Depending on the operation that is performed on the table, ptt will position the cursor character such that when the editor reads its output, it can know where to move the actual editor cursor.

For example, assume that the following is the content of a file that is open in vim and vim’s cursor is at the ‘X’:

| Item    |XPrice [$] | Qty. |
|---------+-----------+------|
| Lemons  |      3.00 | 2.00 |
| Apples  |      2.00 | 4.00 |
| Chicken |     10.00 | 1.00 |

The ‘Price’ column can be moved to the right by running the following in vim:

:execute "normal i~\<Esc>vap:!ptt column right -\<CR>/\\~\<CR>r "

This results in the following table, where the second column is now the third and vim’s cursor followed the motion.

| Item    | Qty. |XPrice [$] |
|---------+------+-----------|
| Lemons  | 2.00 |      3.00 |
| Apples  | 4.00 |      2.00 |
| Chicken | 1.00 |     10.00 |

All the macro did is to perform the four steps mentioned above. However, instead of writing these confusing macros manually, one would ideally write bindings for their editor of choice to interact with ptt. At the time of writing I have implemented bindings for the vim and vis editors.
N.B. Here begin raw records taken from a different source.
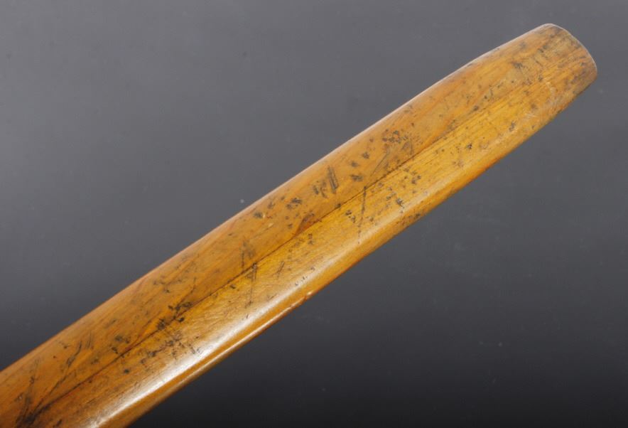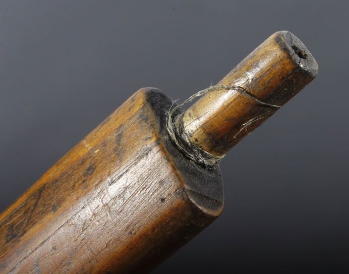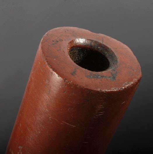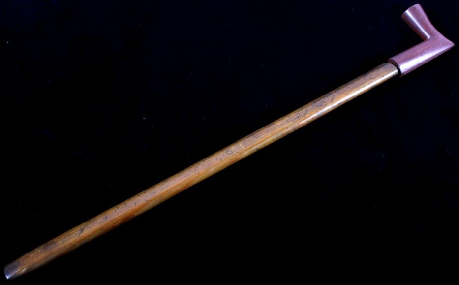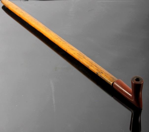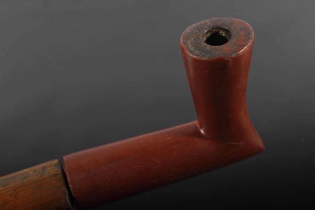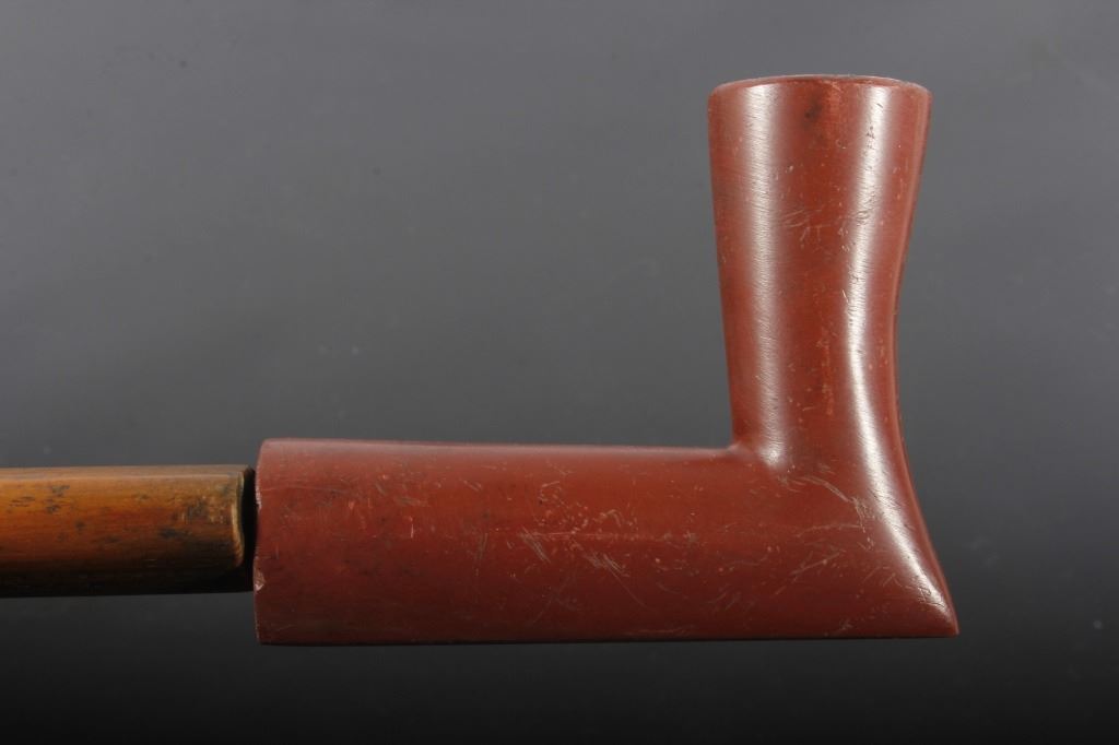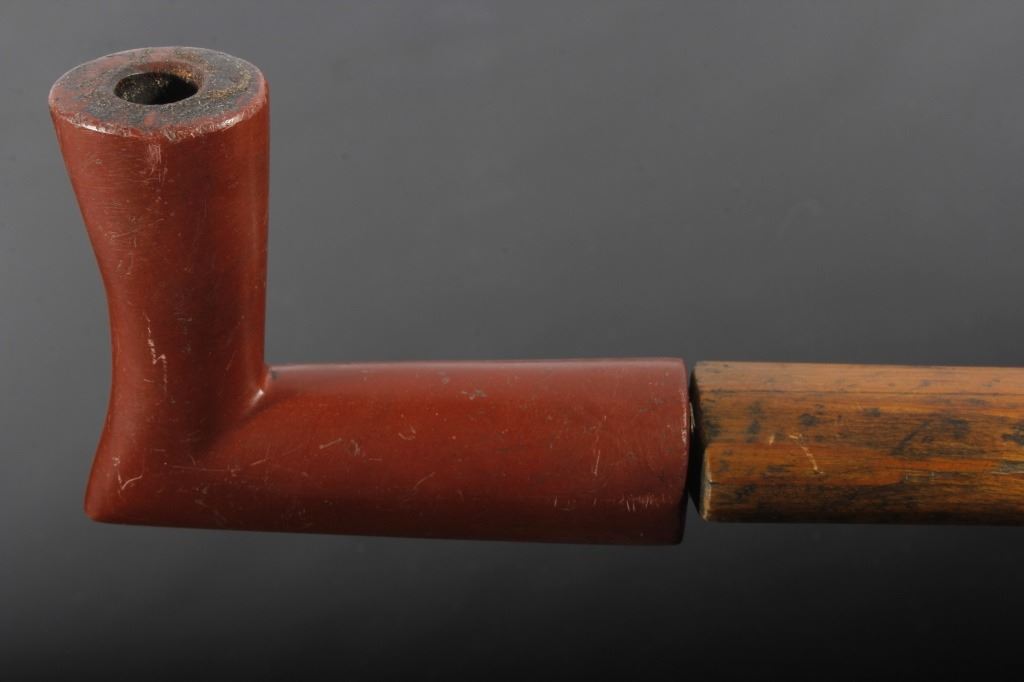 This is a wonderful Northern Plains Native American Indian catlinite pipestone elbow pipe bowl and carved wood stem from circa early 1900. The piece shows overall good condition and displays very well. The pipe and stem both show the correct patina and manufacture to reflect such an early age. Provenance: From a large Iowa Native American Artifact collection. Overall measures 21.5"L with a 3.25"L x 2 5/8"H x 1"D elbow pipe.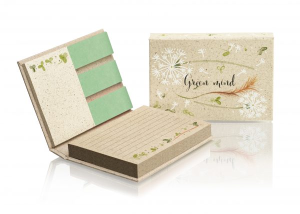 Le bloc-notes adhésif (réf. PM100 Grass) de Promonotes dispose d’une couverture rigide en papier recyclé à base d’herbe (teneur en fibres d’herbe jusqu’à 30 %). Les notes repositionnables sont également fabriquées à partir de papier herbe, tandis que les onglets sont en papier recyclé.
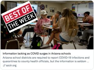 🏆 BEST: The best story of the week is Public information lacking as COVID-19 surges in Arizona classrooms by Maria Polletta and Shaena Montanari of the Arizona Center for Investigative Reporting. The reporting duo sheds light on a confusing and seemingly unorganized system of data collection and notification when children become infected with COVID-19. As a result, parents are left with a patchwork of information and few clues as to where children contracted the virus (at school or elsewhere). “While districts report infection data to county health officials, who in turn submit it to the state, that information is seldom relayed back to the public in an accessible, thorough way,” they write. Just 30% of the state’s 215 districts provide public-facing dashboards to track outbreaks by school. But this issue is not unique to Arizona. While reports of case counts without proper context can raise alarm unnecessarily, the data that does exist should be easy to access and distributed widely. Kudos to Polletta and Montanari for scrutinizing such an important piece of the pandemic puzzle.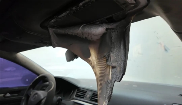 车主介绍,那天自己正好把备用机忘记在车里了,平常也不太用的,所以说没多大关注这件事情,晚上10点多钟过来开车,打开车门,发现副驾驶被烧掉了。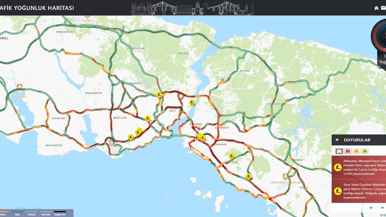 İstanbul'da akşam saatlerinde trafik yoğunluğu oluştu. İstanbul Büyükşehir Belediyesi Trafik Yoğunluğu Haritası verilerine göre haftanın son iş gününde saat 18.47 itibariyle yoğunluk yüzde 87'ye ulaştı. Kentteki ana arterlerde trafik durma noktasına geldi. D-100 Karayolu Bayrampaşa - Maltepe Mevkii'nde araçların güçlükle ilerlediği görüldü.

These can be used as examples by anyone wishing to write bindings for another editor.

I’m aware that calling an external tool for every operation performed on a table is not very efficient. However, I believe it is a worthy trade-off to enable different editors to benefit from ptt. Furthermore, ptt is written in POSIX awk(1), which makes it very fast, portable, and free of dependencies.


  1. I knew of vim-table-mode, which is a powerful plain text table editor plugin for vim. However, I wanted something simpler that everyone could use, not just vim or vis users. 

  2. Vis users can still use the old plugin by cloning it from the ‘vis-tables’ branch. However, this plugin will no longer be maintained.